**Exercise description:**
Excluding every picture, print exactly the lines from the one containing "Στο σημείο βρέθηκε" through the end of the material below, both ends included.

### Available data ###

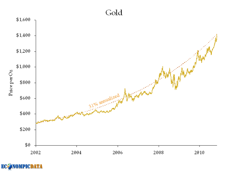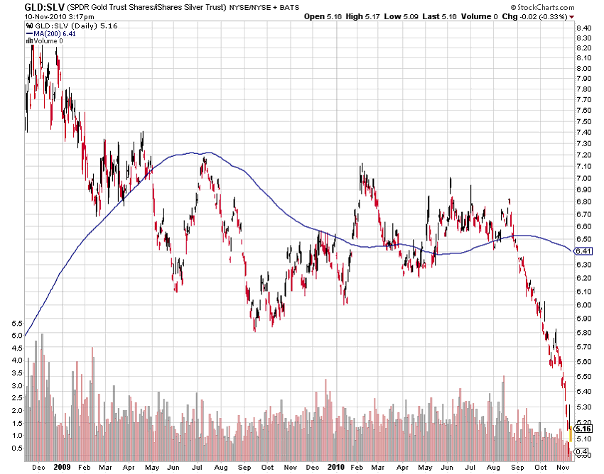 Goud in plaats van QE2Een thema dat deze week weer even erg actueel werd, was de goudmarkt. Goud zit al tijden in de lift, wat zeg ik, al jaren, zoals deze grafiek netjes laat zien: Wat dat betreft had goud helemaal geen hulp nodig, maar kreeg dat deze week uit onverwachte hoek toch, want Robert Zoellick, de president van de WereldBank schreef een artikel in de Financial Times dat hij voorstander was van goud als een soort van referentiekader voor een toekomstig wisselkoerssysteem. Zijn formulering was op zijn zachts gezegd wollig: ???The system should also consider employing gold as an international reference point of market expectations about inflation, deflation and future currency values. Although textbooks may view gold as the old money, markets are using gold as an alternative monetary asset today.??? De markt boog zich echter niet lang over de interpretatie en concludeerde dat Zoellick een voorstander zou zijn van een terugkeer naar de gouden standaard. Een stortvloed aan commentaren viel hem ten deel. Een paar ???niet altijd even vriendelijke- voorbeelden zijn deze van James Saft, deze van Brad De Long en deze van Mathijs Bouman. Jammer is dat ik geen link heb naar een column van mijn kamergenoot Leon Cornelissen, want die vroeg zich terecht af of het nou zo verstandig was om het monetaire beleid van de wereld over te dragen van mensen als Bernanke en Trichet, naar mensen als Medvedev en Mbeki, aangezien dat is wat je per saldo doet. Overigens, spreken is zilver en zwijgen is goud, maar het zijn de sprekers die het dit jaar bij het rechte eind hebben. Onderstaande grafiek zegt wat dat betreft genoeg: dit is goud, uitgedrukt in zilver sinds 2009. Downgrade VS, upgrade China
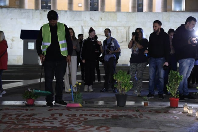 Στο σημείο βρέθηκε η ομάδα “Μέχρι τέλους”, η οποία ανέλαβε δράση καθαρισμού στο μνημείο για τα Τέμπη στη Βουλή, δείχνοντας με έμπρακτο τρόπο σεβασμό και μνήμη για τα θύματα.
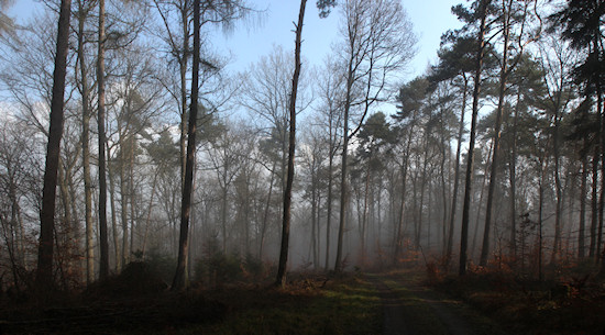 Doch so langsam löst sich auch hier zwischen den Bäumen der Nebel auf.

###

**Result of the task:**
 Στο σημείο βρέθηκε η ομάδα “Μέχρι τέλους”, η οποία ανέλαβε δράση καθαρισμού στο μνημείο για τα Τέμπη στη Βουλή, δείχνοντας με έμπρακτο τρόπο σεβασμό και μνήμη για τα θύματα.
 Doch so langsam löst sich auch hier zwischen den Bäumen der Nebel auf.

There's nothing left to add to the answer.